The Curry-Howard Correspondence is about proof systems. You would have a very hard time finding a proof theorist that says it's okay to have an undecidable proof checker or an inconsistent one.

For that reason, only _typed_ lambda calculi have any hope of corresponding to a proof system. You could rephrase Lisp as a Unityped system, but I seriously doubt it would be consistent.

Perhaps a para-consistent logic might work, but we're getting very exotic here.


> You could rephrase Lisp as a Unityped system, but I seriously doubt it would be consistent.

It's not. (x -> x) is always inhabited, so if you have a fixed point combinator (x -> x) -> x then every theorem is true.


Interesting, thanks


>So I had the idea to explore the lambda-calculus using s-expressions and patiently rebuilt booleans, pairs, lists, recursion and beyond a real complete Turing language, for instance:

Syntax is not semantics.

The only thing that s-expressions do that is mathematically interesting is make the abstract syntax tree of expressions explicit in a way that standard notation does not. The whole point of them is that they make string rewriting into tree rewriting which is vastly easier and makes writing your own DSLs a breeze.

From a practical point of view they are also the simplest way to serialize any expression which is why I can type them out in a text only comment as they are. Meanwhile doing the same with a math (or lambda calculus) expression requires a type setting system like latex to be understandable.

Lisp has decided that application is nameless in its syntax which means that things like ((lambda (x) (+ x 1)) 2) work when semantically they mean (apply (lambda (x) (+ x 1)) 2). This makes programming with multivariable functions very clean but partial application incredibly messy, e.g. ((((lambda (x) (lambda (y) (lambda (z) (+ x y z)))) 1) 2) 3). This is not something that can be fixed because the ABS of partial application when thought of as a tree is indeed very messy.
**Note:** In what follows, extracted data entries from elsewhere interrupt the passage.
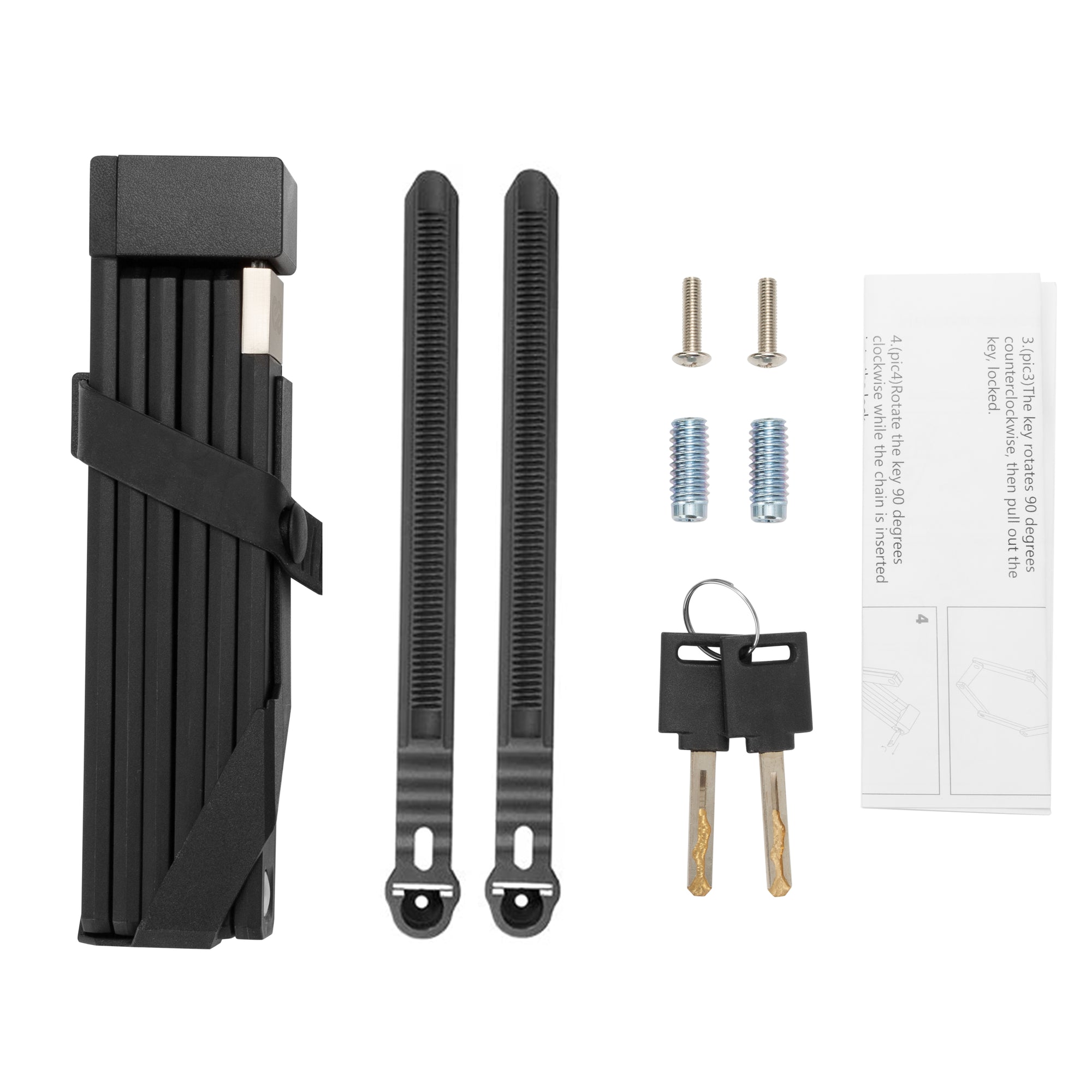 La serrure pliante convient à la plupart des vélos, elle est facile à transporter grâce à des rivets spéciaux qui facilitent le pliage.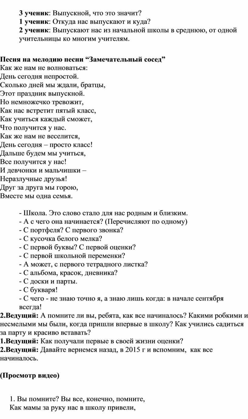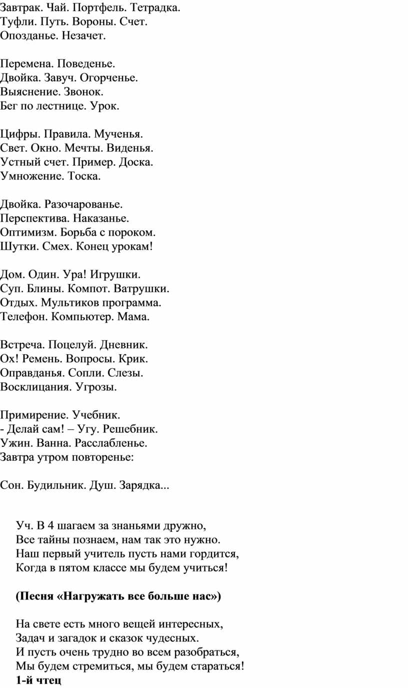 2 ученик: Выпускают нас из начальной школы в среднюю, от одной учительницы ко многим учителям.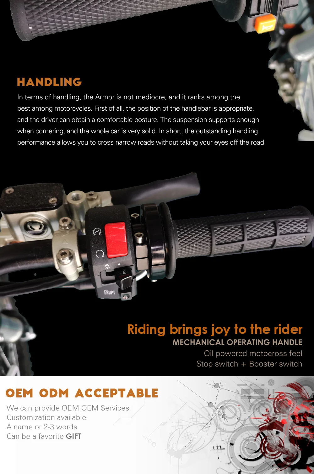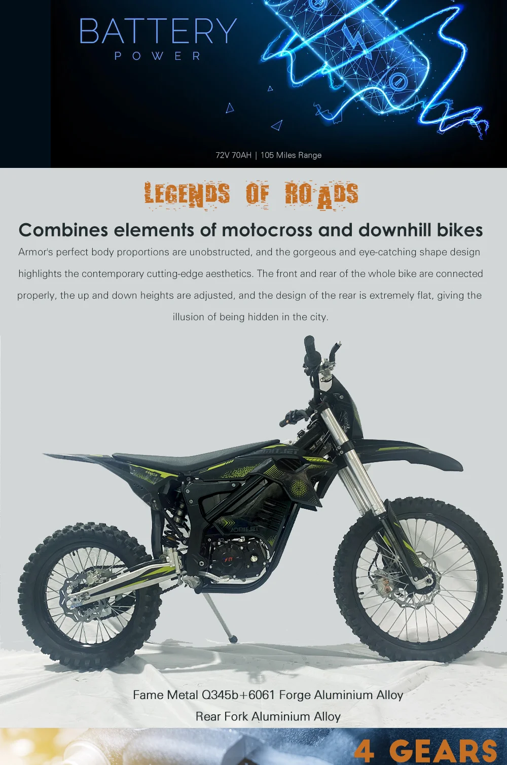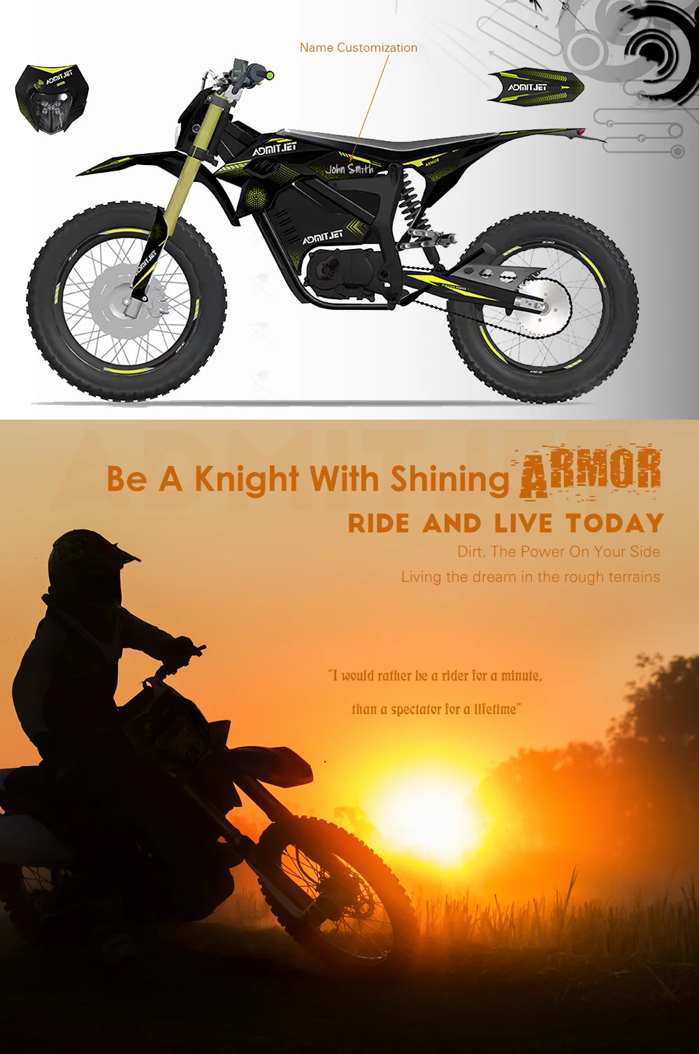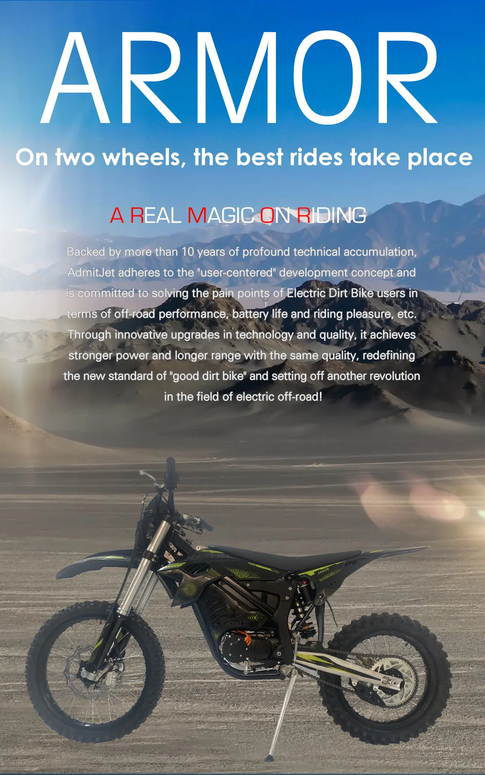 Made in China, The AdmitJet Armor Electric Motocross Motorcycle is a game-changer in the world of electric motorcycles, offering high performance and advanced features at an affordable price point. With its attractive design, powerful engine, and impressive range, the 2023 AdmitJet Armor is an excellent choice for riders looking for a reliable, high-performance electric motorcycle.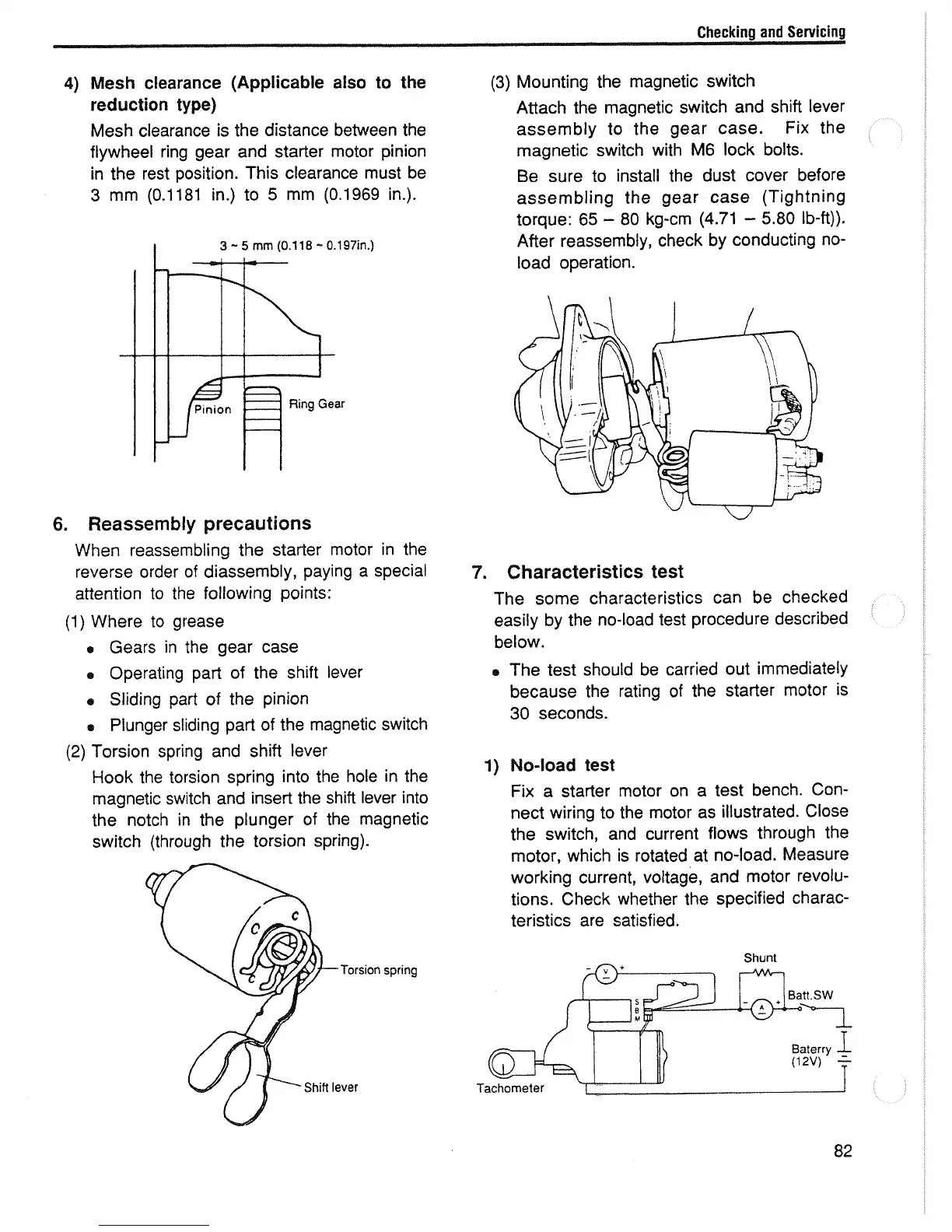 Yanmar L60AE - Reduction Type Starter Motor Reassembly Precautions; Reduction Type Starter Motor Characteristics Test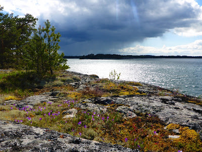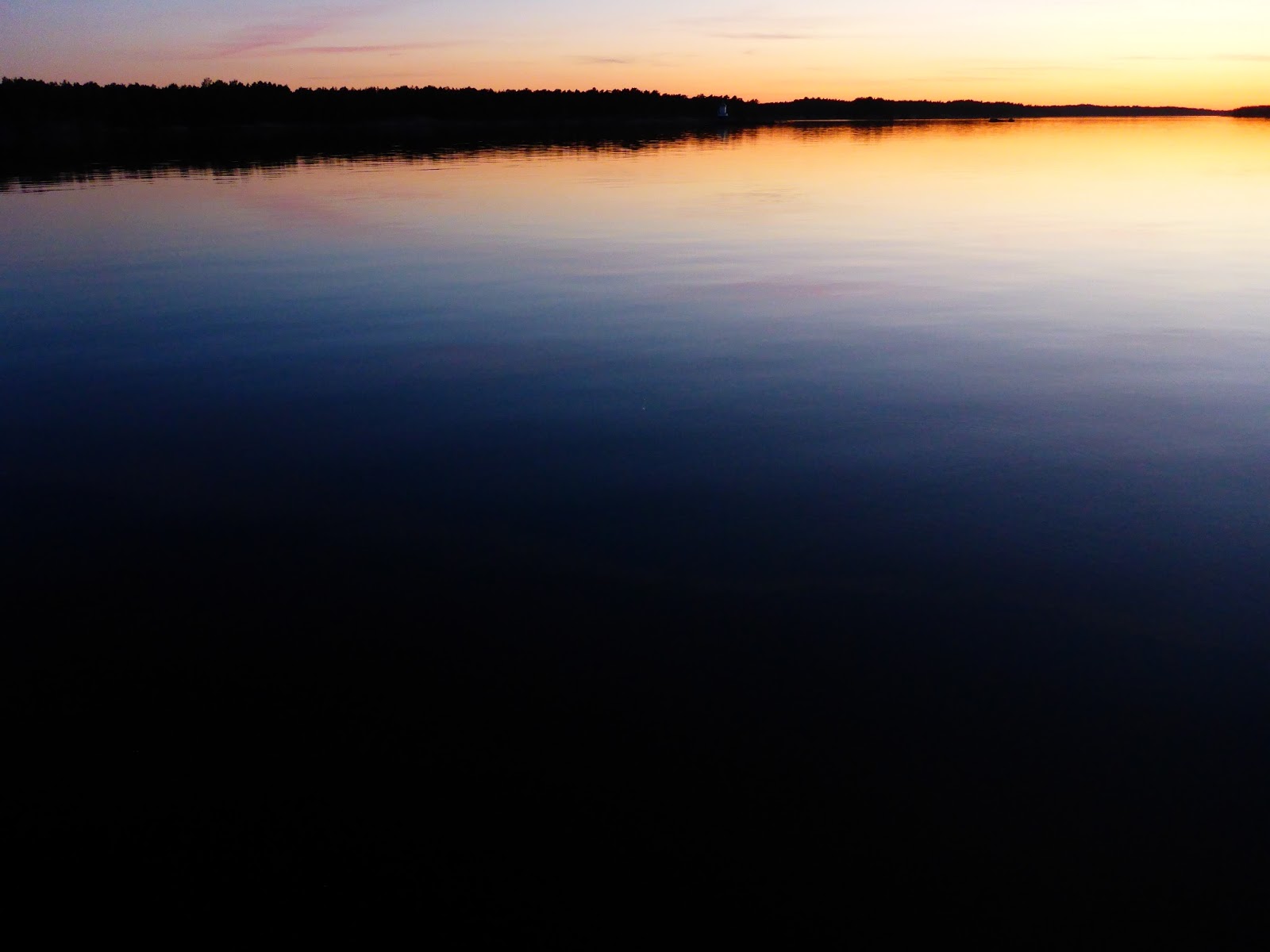 Då vaknar plötsligt allt till liv igen. Utanför har trutarna heta diskussioner, svanarna är oense om något och flaxar och skriker och morkullan knorrar förbi. När det lugnar ner sig börjar fiskarna med sitt plaskande då de jagar något på ytan. Till slut är det bara en mås som jamar envist och jag tror att nu lugnar det sig. Men inte då, tassande steg hörs utan för tältet, lätta fötter springer i skydd av mörkret, söker något att stoppa i munnen, kanske korvbiten jag la på ett strategiskt ställe. Tunga vingslag landar strax bredvid. Kvar blir sen några odefinierbara ljud som tillsammans med stilla vågskvalp lockar mig till söms…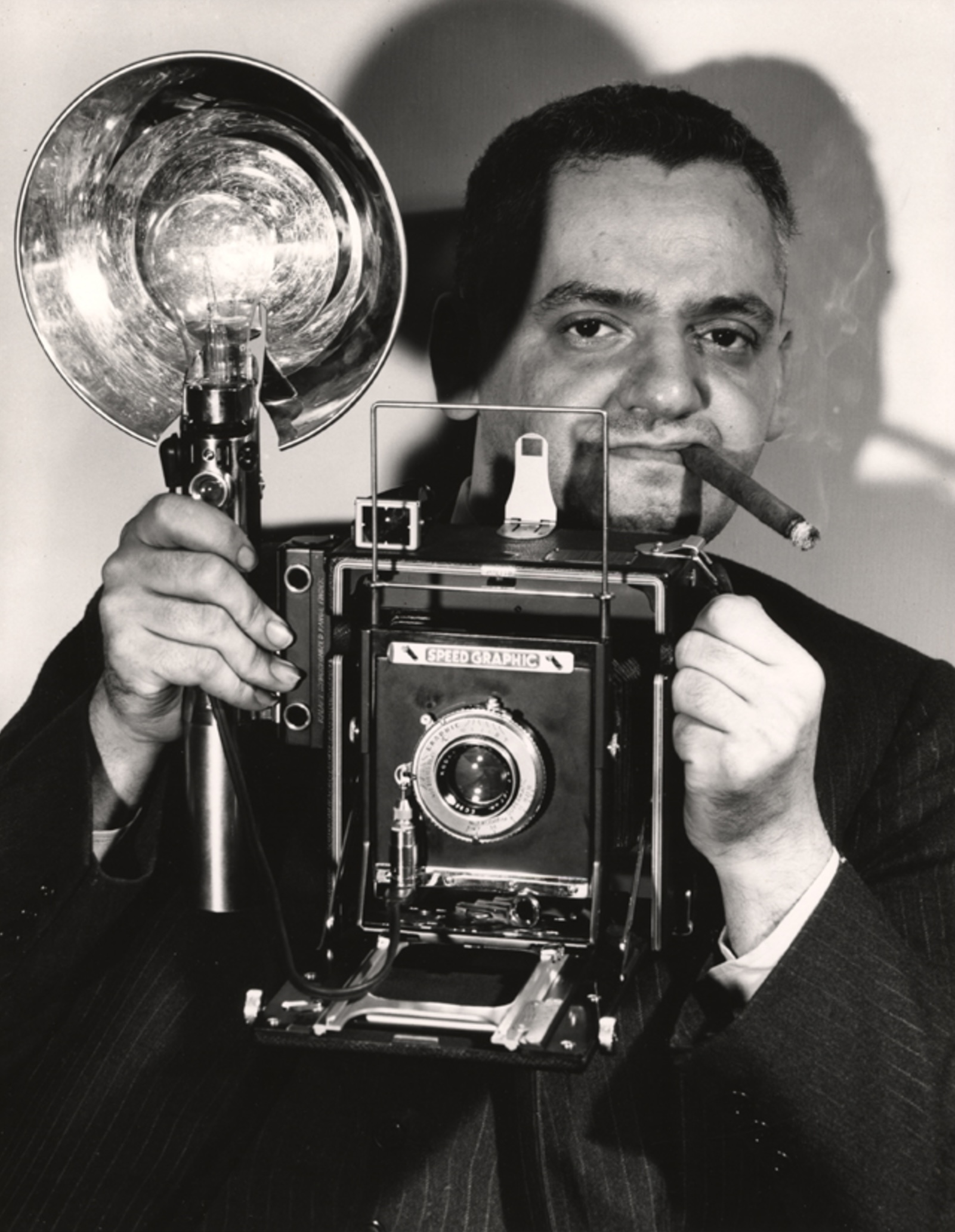 The photograph is by Weegee (Ascher Fellig, 1899–1968, shown above right), and is from the excellent collection of his photographs at the International Center of Photography in New York.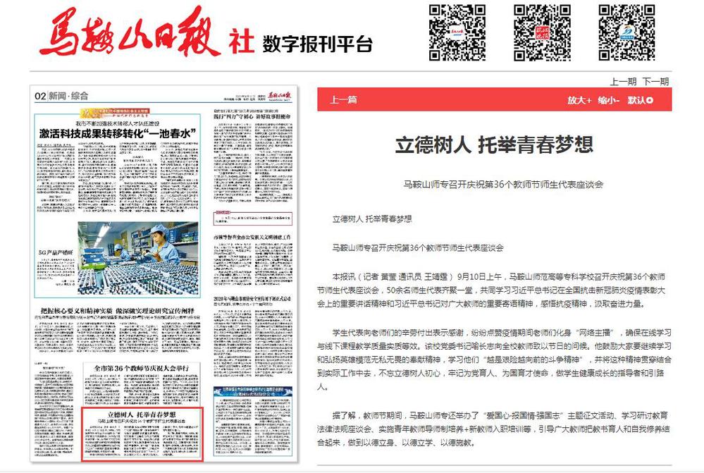 【马鞍山日报】马鞍山师专召开庆祝第36个教师节师生代表座谈会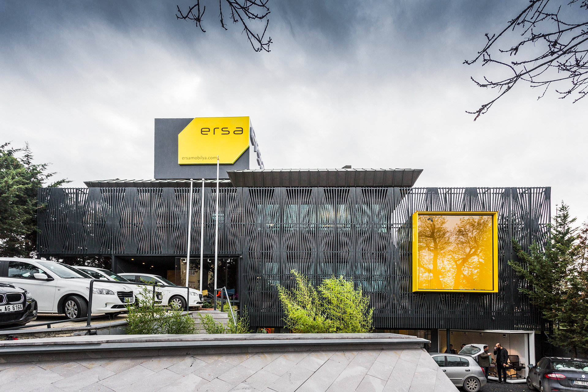 ERSA Ideas House is a showroom and creative hub for furniture design, visual design, and new media production. The design is a reflection of ERSA’s CORE IDEAS for the furniture company’s social exchanges, its showroom experience and its workplace.The experience is unveiled behind a decorative façade of moiré inviting one into its core, a multi-level lantern connecting the diverse functions. The structure is illuminated with natural light and simple finishes while the vibrant colors and atmosphere is created with the collection and artifacts intended to stimulate creativity and reflect firm’s attitude.

The only reason why it works in languages like Haskell as well as it does is that as long as you only have single variable function - goodbye thunks and multivariable functions - you can treat the partial application trees as a list instead.

You can of course do the same in lisp using a DSL:

    '(partial
      ((lambda (x)) (lambda (y)) (lambda (z)) (lambda (w) (+ x y z w)))
      (1 2 3 4))
But it doesn't fit very well with the rest of the language and feel quite pointless.


@thrown: This makes programming with multivariable functions very clean but partial application incredibly messy

In lambdatalk the implementation of lambdas does not make them closures (no free variables) but is such that they accept de facto partial application and a number of values higher than the number of arguments. This compensates for the lack of closure. So for instance:

((lambda (x)) (lambda (y)) (lambda (z)) (lambda (w) (+ x y z w))) (1 2 3 4))

is written this way

{{{{{lambda {x y z w} {+ x y z w}} 1} 2} 3} 4} -> 10

and obviously

{{lambda {x y z w} {+ x y z w}} 1 2 3 4} -> 10


I would change it a bit. Lambda calculus (in Martin-Lof type theory) are Maxwell equations of logic. But, lambda calculus has very little real use in programming. There should be something else here.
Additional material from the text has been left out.